Dataset records →
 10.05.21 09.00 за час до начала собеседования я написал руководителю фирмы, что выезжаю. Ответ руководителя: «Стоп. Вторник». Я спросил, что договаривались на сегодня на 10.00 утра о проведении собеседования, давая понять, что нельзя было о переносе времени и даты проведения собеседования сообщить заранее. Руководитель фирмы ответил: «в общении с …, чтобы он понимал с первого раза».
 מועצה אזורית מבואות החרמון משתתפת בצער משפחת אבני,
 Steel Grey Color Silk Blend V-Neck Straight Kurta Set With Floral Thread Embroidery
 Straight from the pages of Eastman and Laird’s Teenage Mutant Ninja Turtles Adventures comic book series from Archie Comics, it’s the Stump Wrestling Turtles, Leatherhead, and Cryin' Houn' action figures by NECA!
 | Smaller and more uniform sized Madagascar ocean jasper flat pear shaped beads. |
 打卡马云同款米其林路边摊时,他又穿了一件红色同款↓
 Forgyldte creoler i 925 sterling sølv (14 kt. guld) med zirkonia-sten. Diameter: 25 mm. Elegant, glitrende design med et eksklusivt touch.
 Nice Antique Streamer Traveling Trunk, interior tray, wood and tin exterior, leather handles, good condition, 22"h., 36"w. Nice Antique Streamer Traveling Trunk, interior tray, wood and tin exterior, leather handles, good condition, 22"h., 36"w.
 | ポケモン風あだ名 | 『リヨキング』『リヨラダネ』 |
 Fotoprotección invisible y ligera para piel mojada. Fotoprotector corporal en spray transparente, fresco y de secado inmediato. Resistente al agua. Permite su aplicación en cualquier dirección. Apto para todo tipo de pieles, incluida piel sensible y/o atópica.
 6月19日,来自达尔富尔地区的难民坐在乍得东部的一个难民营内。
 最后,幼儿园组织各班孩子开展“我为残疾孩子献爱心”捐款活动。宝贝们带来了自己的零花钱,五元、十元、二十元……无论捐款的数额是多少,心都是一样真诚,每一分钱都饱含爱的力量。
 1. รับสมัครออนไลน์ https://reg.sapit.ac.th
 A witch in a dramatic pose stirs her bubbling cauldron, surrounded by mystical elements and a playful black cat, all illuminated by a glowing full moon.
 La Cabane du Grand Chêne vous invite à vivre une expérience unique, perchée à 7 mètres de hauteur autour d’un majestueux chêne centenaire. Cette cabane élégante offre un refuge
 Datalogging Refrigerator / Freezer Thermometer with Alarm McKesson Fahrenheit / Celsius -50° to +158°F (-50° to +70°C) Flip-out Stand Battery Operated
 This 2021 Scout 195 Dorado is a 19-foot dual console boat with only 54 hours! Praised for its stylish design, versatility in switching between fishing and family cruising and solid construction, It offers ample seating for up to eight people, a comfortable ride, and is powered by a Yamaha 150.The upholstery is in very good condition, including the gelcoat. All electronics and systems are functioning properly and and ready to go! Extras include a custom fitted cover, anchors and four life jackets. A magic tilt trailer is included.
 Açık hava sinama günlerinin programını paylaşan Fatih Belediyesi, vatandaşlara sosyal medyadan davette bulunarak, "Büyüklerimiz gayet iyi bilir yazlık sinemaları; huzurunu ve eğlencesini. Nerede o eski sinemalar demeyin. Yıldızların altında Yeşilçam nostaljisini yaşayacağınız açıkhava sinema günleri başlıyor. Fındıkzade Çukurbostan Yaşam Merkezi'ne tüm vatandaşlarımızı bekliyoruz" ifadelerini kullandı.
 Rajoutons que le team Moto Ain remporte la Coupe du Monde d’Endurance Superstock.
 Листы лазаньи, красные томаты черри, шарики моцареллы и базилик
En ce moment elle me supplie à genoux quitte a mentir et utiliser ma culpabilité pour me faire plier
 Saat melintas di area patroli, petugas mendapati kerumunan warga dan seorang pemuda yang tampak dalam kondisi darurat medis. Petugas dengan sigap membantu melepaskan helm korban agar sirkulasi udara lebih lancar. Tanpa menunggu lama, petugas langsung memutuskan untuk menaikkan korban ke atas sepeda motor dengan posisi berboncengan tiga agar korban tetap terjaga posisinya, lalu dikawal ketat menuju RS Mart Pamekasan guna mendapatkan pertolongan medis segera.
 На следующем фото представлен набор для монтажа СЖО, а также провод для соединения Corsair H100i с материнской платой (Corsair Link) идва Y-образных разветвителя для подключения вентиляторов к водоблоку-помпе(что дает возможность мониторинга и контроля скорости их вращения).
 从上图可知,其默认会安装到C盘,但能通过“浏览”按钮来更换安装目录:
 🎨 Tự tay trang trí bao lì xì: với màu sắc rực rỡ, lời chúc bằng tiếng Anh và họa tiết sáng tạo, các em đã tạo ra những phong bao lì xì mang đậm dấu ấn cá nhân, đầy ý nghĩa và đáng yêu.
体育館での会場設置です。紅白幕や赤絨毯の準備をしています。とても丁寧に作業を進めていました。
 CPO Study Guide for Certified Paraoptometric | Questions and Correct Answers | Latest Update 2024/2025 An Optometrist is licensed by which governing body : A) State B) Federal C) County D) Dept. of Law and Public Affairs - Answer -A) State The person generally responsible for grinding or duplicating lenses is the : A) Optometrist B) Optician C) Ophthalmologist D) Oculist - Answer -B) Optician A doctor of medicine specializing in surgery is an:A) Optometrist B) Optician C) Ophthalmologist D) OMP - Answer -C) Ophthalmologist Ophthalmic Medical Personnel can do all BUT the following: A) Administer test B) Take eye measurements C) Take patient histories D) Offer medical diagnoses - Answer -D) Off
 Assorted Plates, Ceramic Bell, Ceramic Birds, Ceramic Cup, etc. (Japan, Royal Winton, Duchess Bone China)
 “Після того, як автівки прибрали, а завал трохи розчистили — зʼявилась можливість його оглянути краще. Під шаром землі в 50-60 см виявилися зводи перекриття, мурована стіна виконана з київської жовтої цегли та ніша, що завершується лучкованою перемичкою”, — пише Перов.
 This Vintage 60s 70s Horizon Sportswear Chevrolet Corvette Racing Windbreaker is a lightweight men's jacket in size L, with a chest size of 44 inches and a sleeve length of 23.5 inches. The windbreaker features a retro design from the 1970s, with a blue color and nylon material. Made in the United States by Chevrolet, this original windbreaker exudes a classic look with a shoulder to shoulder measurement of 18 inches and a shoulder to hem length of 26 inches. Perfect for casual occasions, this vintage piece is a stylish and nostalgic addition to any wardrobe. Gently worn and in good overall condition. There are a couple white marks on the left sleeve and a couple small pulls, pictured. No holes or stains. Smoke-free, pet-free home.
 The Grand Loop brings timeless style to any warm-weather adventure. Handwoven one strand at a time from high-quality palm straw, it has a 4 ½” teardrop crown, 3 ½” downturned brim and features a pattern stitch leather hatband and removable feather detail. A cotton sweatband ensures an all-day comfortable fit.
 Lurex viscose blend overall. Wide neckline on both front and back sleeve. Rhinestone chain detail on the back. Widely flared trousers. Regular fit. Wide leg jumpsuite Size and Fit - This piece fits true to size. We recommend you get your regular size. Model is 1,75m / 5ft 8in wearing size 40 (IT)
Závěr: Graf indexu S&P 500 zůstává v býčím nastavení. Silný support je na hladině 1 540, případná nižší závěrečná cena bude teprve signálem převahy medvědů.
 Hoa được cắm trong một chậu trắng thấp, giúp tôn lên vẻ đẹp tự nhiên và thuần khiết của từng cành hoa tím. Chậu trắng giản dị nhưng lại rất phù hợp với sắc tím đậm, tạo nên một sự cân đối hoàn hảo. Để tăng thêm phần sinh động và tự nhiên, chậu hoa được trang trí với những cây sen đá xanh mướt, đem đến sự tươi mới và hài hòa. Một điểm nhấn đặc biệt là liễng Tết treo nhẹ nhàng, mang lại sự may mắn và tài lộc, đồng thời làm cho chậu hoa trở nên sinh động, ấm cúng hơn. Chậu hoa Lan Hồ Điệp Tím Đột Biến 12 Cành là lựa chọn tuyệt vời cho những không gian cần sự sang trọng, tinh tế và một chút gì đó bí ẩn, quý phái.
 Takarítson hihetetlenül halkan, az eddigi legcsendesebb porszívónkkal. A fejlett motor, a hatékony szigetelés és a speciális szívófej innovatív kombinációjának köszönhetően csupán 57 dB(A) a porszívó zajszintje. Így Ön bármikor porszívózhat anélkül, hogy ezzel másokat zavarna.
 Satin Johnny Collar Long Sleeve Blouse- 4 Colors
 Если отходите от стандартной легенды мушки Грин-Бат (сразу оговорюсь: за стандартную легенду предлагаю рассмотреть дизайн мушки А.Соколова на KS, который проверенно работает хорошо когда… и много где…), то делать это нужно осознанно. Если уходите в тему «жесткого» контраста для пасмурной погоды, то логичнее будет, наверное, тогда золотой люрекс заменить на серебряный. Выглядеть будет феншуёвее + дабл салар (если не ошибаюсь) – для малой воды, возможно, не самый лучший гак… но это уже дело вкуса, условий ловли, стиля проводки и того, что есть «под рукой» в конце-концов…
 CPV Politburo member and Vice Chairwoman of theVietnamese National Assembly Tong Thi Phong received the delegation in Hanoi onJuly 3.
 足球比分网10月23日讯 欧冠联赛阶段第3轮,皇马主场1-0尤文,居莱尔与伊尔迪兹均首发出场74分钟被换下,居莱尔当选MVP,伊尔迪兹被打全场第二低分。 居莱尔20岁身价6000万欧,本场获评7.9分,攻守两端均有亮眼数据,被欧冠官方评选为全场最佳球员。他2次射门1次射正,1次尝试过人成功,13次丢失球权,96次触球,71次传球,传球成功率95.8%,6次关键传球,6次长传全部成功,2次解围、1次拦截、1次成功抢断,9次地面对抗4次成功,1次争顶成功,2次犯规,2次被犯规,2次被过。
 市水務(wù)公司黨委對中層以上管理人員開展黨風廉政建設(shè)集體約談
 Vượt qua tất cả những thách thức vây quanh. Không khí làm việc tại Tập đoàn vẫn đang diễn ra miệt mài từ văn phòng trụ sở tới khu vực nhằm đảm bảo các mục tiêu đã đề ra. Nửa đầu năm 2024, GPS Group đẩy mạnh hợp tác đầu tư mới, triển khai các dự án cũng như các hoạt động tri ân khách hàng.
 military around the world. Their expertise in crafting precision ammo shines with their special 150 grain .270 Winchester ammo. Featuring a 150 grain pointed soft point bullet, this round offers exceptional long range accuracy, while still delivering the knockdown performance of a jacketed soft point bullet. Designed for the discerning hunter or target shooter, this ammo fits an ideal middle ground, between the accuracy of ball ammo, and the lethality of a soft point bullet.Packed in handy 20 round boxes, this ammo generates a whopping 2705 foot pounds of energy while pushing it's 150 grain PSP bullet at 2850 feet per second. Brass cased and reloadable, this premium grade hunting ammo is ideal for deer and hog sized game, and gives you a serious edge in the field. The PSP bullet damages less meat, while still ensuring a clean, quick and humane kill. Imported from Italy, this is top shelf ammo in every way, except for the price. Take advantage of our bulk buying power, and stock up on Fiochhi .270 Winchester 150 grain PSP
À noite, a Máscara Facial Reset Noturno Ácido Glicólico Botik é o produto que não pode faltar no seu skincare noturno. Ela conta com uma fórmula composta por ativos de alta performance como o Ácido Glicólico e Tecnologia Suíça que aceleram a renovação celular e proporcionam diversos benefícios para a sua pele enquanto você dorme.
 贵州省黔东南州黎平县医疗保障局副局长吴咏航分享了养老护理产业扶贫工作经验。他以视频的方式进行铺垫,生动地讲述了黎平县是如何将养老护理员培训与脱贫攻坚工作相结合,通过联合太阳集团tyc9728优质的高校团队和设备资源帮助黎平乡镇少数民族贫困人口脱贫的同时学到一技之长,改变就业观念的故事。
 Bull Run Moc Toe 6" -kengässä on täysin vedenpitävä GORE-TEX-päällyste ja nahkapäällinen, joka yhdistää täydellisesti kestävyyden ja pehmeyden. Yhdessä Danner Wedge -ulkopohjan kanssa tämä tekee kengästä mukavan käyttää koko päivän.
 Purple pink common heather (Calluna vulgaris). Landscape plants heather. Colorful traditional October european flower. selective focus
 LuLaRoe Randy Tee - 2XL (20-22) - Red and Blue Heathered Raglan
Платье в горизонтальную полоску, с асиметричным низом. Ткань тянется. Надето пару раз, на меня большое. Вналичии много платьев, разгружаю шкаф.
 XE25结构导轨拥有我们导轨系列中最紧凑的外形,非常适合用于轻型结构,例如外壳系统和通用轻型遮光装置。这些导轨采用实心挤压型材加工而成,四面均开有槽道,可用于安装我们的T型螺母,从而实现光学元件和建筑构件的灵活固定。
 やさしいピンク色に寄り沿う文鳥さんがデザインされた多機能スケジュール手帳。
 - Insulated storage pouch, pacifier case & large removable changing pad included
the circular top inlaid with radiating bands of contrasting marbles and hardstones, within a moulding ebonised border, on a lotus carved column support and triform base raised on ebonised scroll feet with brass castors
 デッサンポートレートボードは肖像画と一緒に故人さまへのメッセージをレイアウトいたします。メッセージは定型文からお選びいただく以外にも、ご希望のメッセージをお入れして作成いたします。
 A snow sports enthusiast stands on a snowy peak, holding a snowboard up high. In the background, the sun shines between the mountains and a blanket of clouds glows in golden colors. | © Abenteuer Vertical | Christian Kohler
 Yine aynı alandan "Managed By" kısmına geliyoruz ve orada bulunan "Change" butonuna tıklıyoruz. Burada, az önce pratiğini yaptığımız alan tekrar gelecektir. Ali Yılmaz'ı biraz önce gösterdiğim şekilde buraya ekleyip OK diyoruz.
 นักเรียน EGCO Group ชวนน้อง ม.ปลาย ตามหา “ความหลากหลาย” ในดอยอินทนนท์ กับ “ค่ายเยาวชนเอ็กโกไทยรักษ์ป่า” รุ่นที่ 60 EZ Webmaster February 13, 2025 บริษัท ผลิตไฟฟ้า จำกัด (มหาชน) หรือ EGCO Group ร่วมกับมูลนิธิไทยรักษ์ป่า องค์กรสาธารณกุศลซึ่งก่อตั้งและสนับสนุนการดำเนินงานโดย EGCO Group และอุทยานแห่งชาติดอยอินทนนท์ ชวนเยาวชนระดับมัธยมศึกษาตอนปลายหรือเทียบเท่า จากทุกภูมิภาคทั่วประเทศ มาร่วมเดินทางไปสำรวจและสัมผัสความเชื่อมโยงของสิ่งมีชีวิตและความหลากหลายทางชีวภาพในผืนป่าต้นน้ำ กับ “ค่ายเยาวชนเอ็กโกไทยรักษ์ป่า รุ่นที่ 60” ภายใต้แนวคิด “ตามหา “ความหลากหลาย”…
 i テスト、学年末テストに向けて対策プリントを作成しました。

Your task → Find the word "Grand" in the data and show each line that holds it.

Worked solution →
 La Cabane du Grand Chêne vous invite à vivre une expérience unique, perchée à 7 mètres de hauteur autour d’un majestueux chêne centenaire. Cette cabane élégante offre un refuge
 The Grand Loop brings timeless style to any warm-weather adventure. Handwoven one strand at a time from high-quality palm straw, it has a 4 ½” teardrop crown, 3 ½” downturned brim and features a pattern stitch leather hatband and removable feather detail. A cotton sweatband ensures an all-day comfortable fit.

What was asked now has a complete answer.